At UVM, Renshaw majored in ecological agriculture, which teaches students how to farm in the least damaging way to the environment. He worked on the student-run Common Ground Farm and helped with the annual cider press. He volunteered at the Campus Kitchen, a student-run soup kitchen, and an organic flower farm. Associate Professor Mark Starrett, impressed by Renshaw’s work ethic and people skills, asked him to be a teaching assistant for one of his courses. 

“He wasn’t an armchair farmer,” Starrett says. “He’s also very upbeat, always smiling.”
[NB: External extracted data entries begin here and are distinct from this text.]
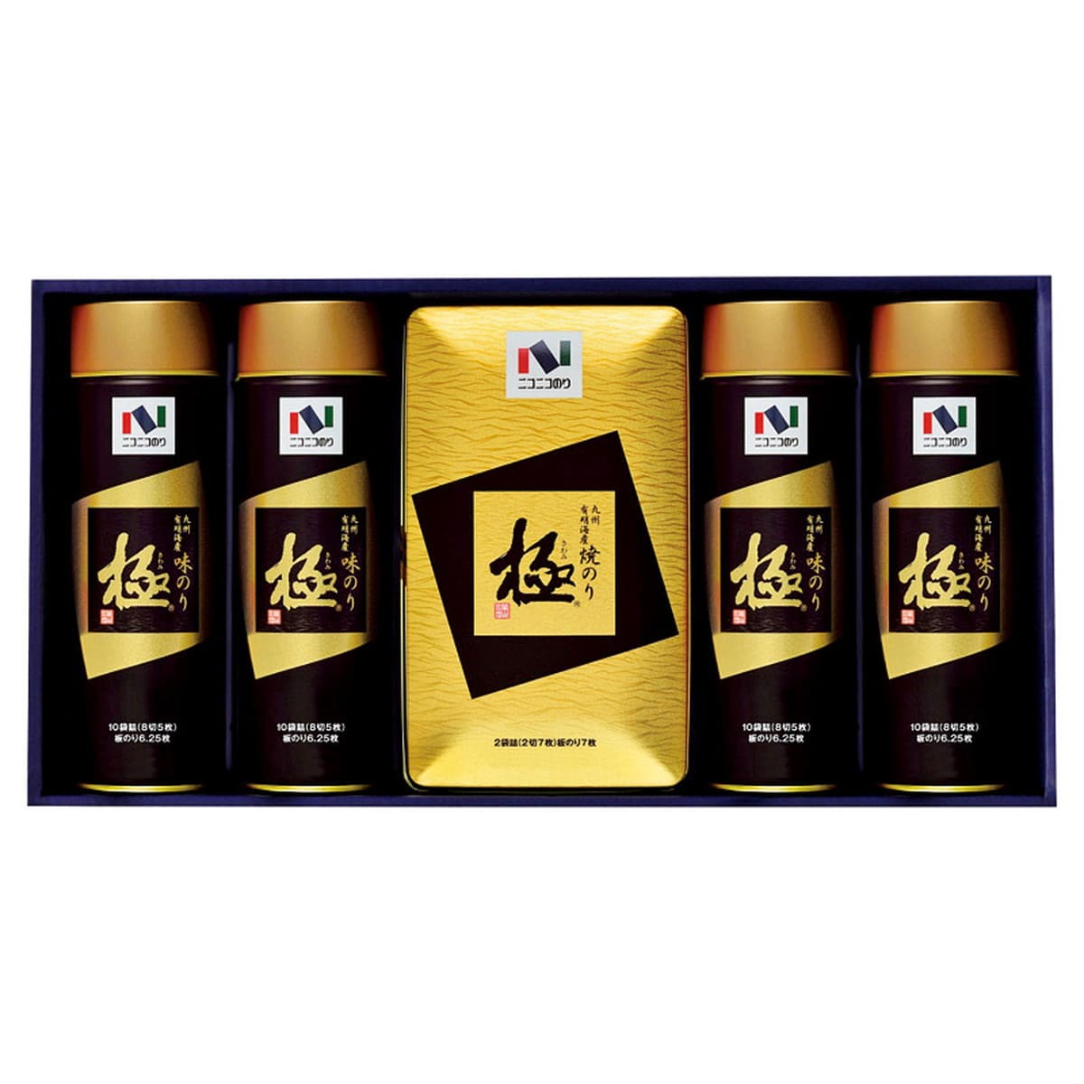 「ニコニコのり 九州有明海産海苔詰合せ 極」 九州有明海産の上質な海苔「極」の焼のりと味のりを詰合せました。こだわりの逸品ギフトです。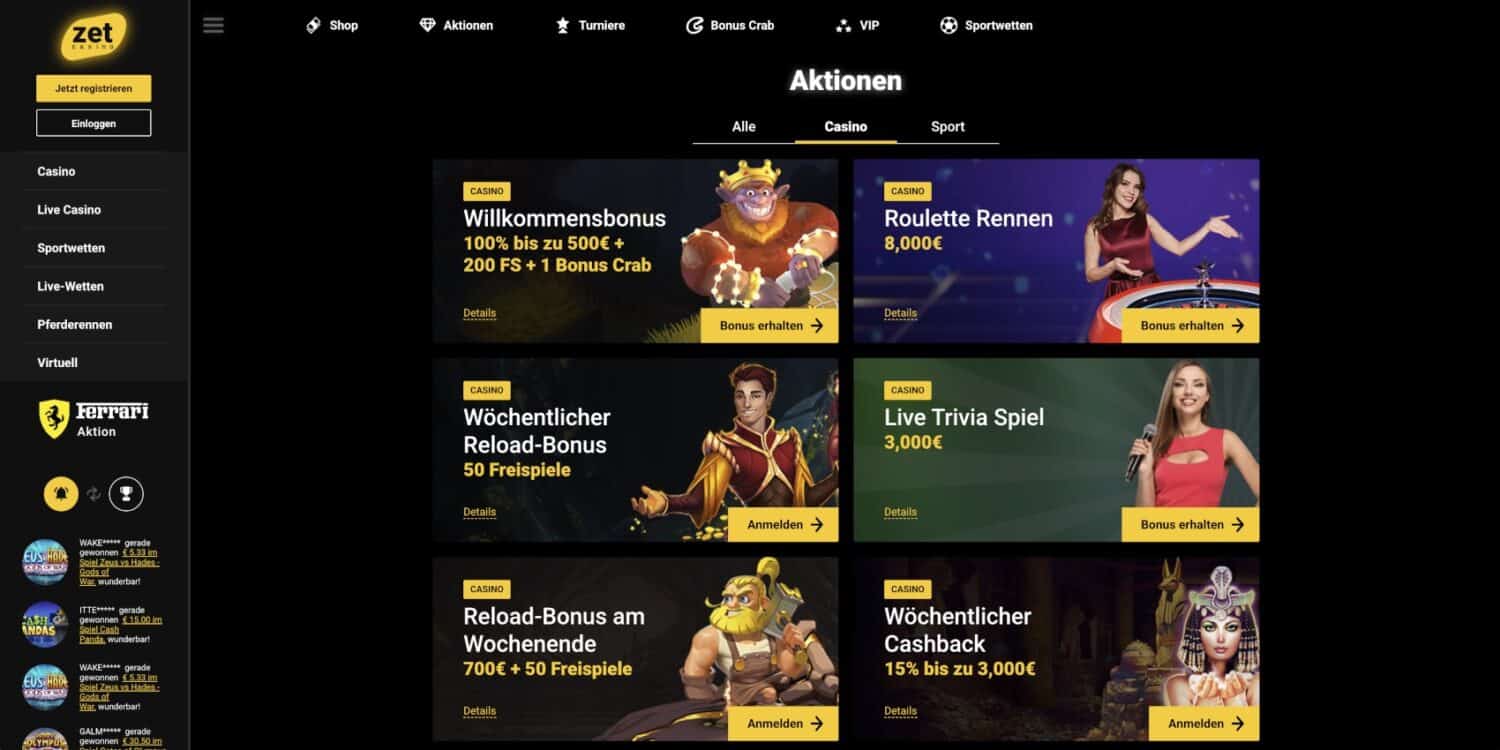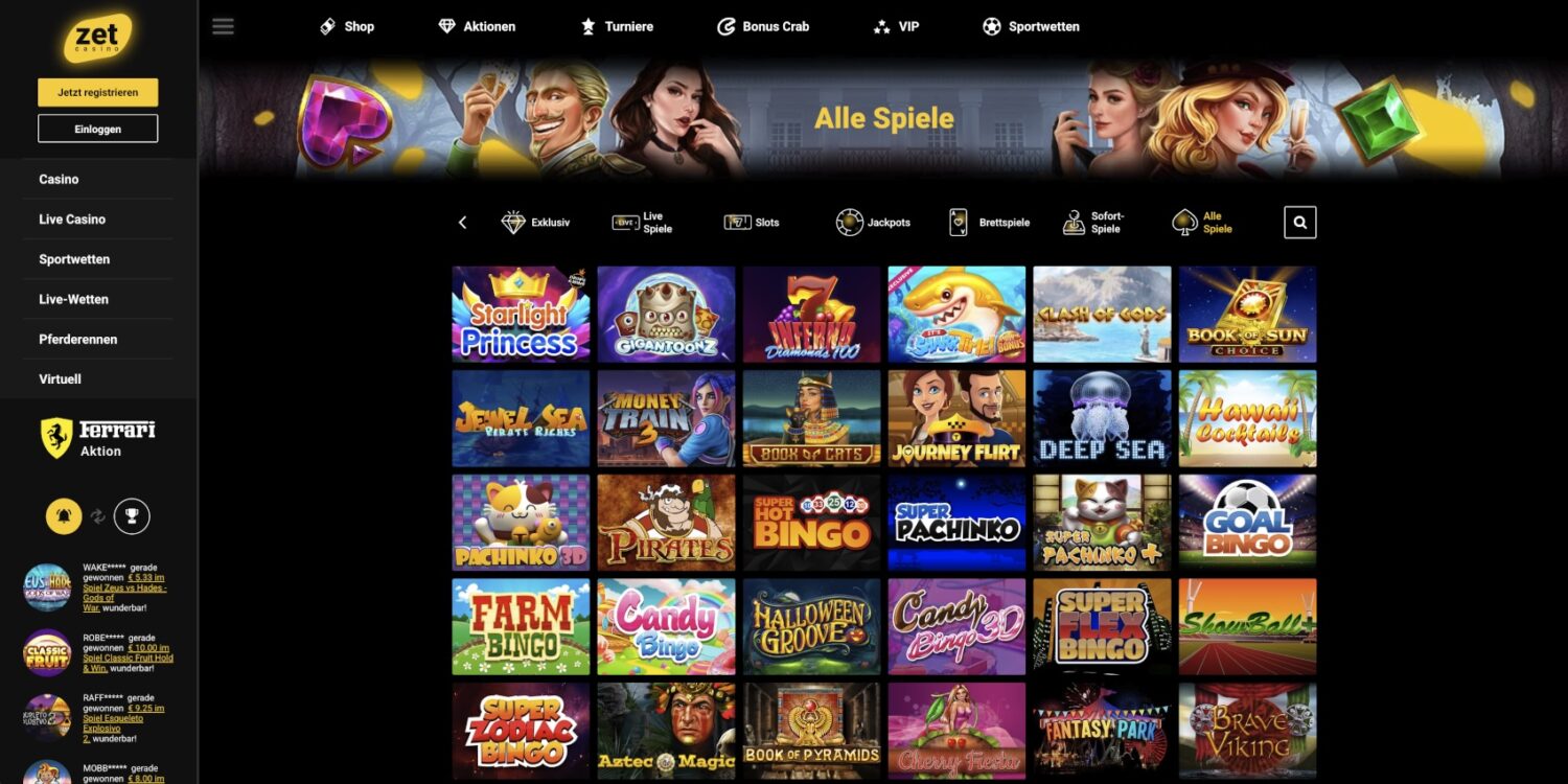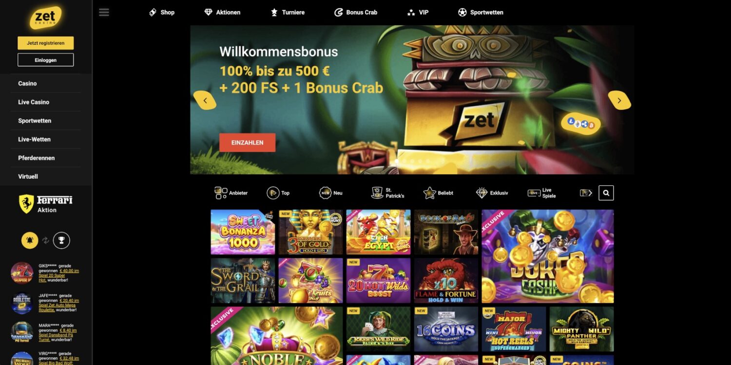 Die Spielauswahl im ZetCasino Casino wird durch praktische Filterfunktionen wie „Neu“, „Top“, „Beliebt“ und „Exklusiv“ strukturiert, was die Navigation durch das riesige Angebot vereinfacht. Besonders auffällig sind die großzügigen Promotionen im online Casinos ohne OASIS, wie beispielsweise das Gewinnspiel mit einem Ferrari 488 Spider als Hauptpreis. Ein interessantes Feature ist die Live-Gewinn-Anzeige am Seitenrand, die aktuelle Gewinne anderer Spieler in Echtzeit präsentiert und so für zusätzliche Spannung sorgt. Die Spielkacheln selbst sind mit aussagekräftigen Vorschaubildern gestaltet und tragen farbige Markierungen für neue oder exklusive Titel.
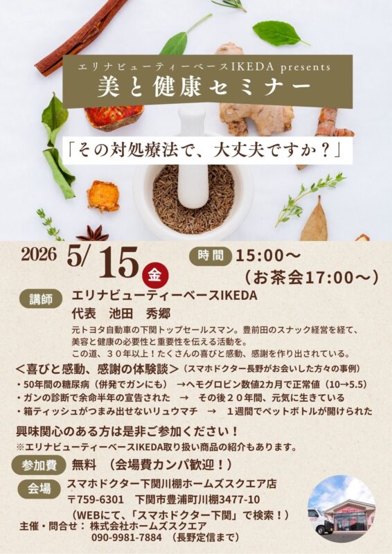 2026年04月28日 5月15日(金) 美と健康セミナー「〜その対処療法で、大丈夫ですか?〜」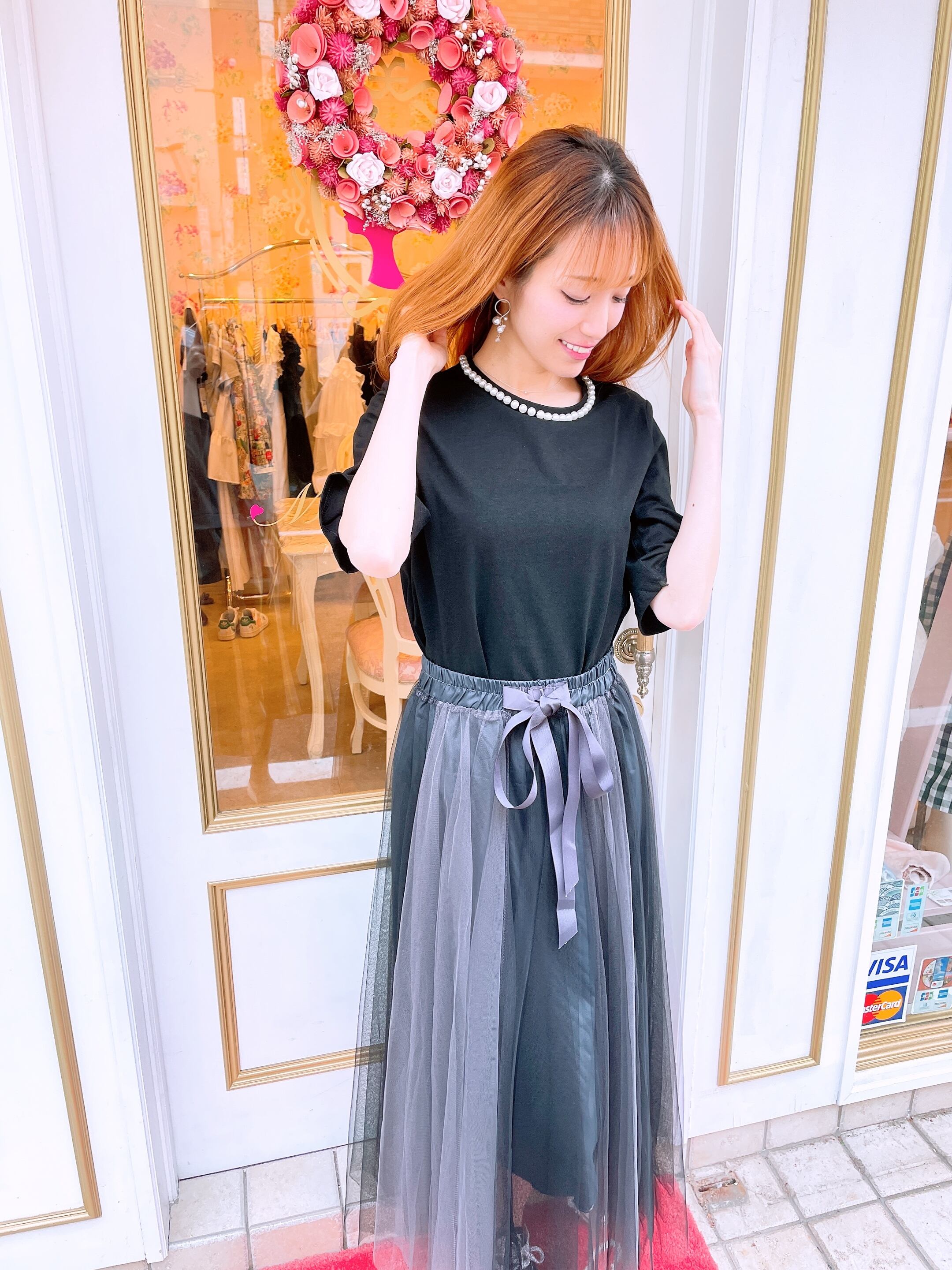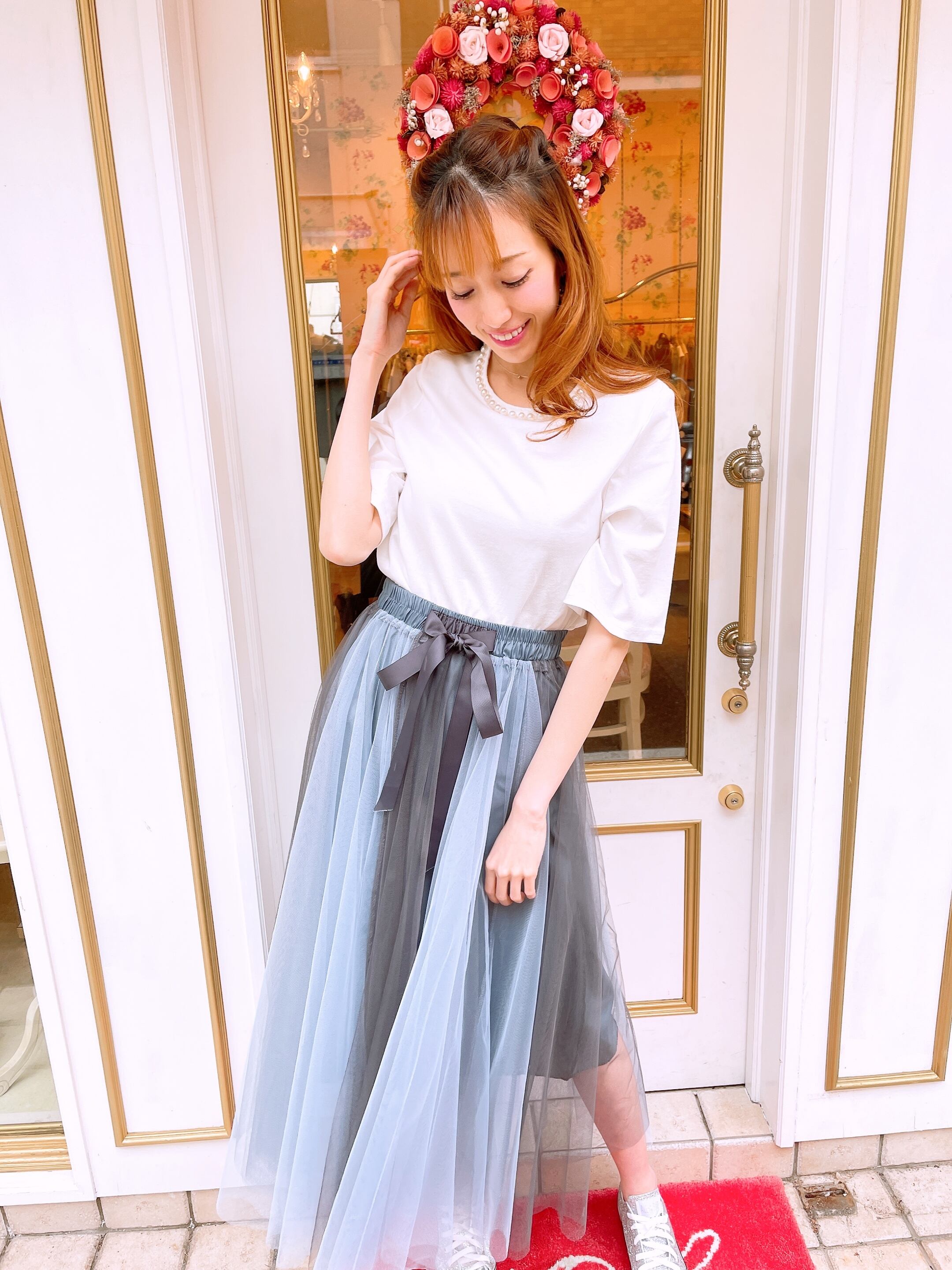 配色デザインにウエストリボンがアクセントのチュールスカート。

By the time Renshaw graduated he had decided he wanted his own farm-to-table restaurant. The problem was he’d never as much as bussed a restaurant table nor was he much of a cook (though he confesses to running an illegal pasta-making business out of his UVM dorm room).  Renshaw graduated a semester early, traveled through Peru and Costa Rica, and then went to work at an eclectic, upscale Cambridge restaurant.

Soon, Campbell tracked him down, remembering what a hard worker he was, how even keeled he was. She asked him to start Fresh Food Generation with her. During the start-up’s first year, Renshaw learned the finer points of short-order cooking in a metal box on the job working for a popular Asian food truck company. That experience banished any romantic ideas he had.

 “Unless it’s perfect weather, it’s not pleasant,” he says.

The weather is close to perfect on this windy, late spring day. The location is not. The city requires Renshaw to park his truck across the street, all five lanes of it, from the throngs at the bus station, one of Boston’s busiest. Renshaw hopes to change that, but for now he’s happy with the twenty to thirty customers that stop by the truck daily. At Dudley Square, he has time to talk, even dream about the future, when, inspired by Fresh Food Generation, legions of food trucks with locally grown food drive into poor neighborhoods in cities everywhere.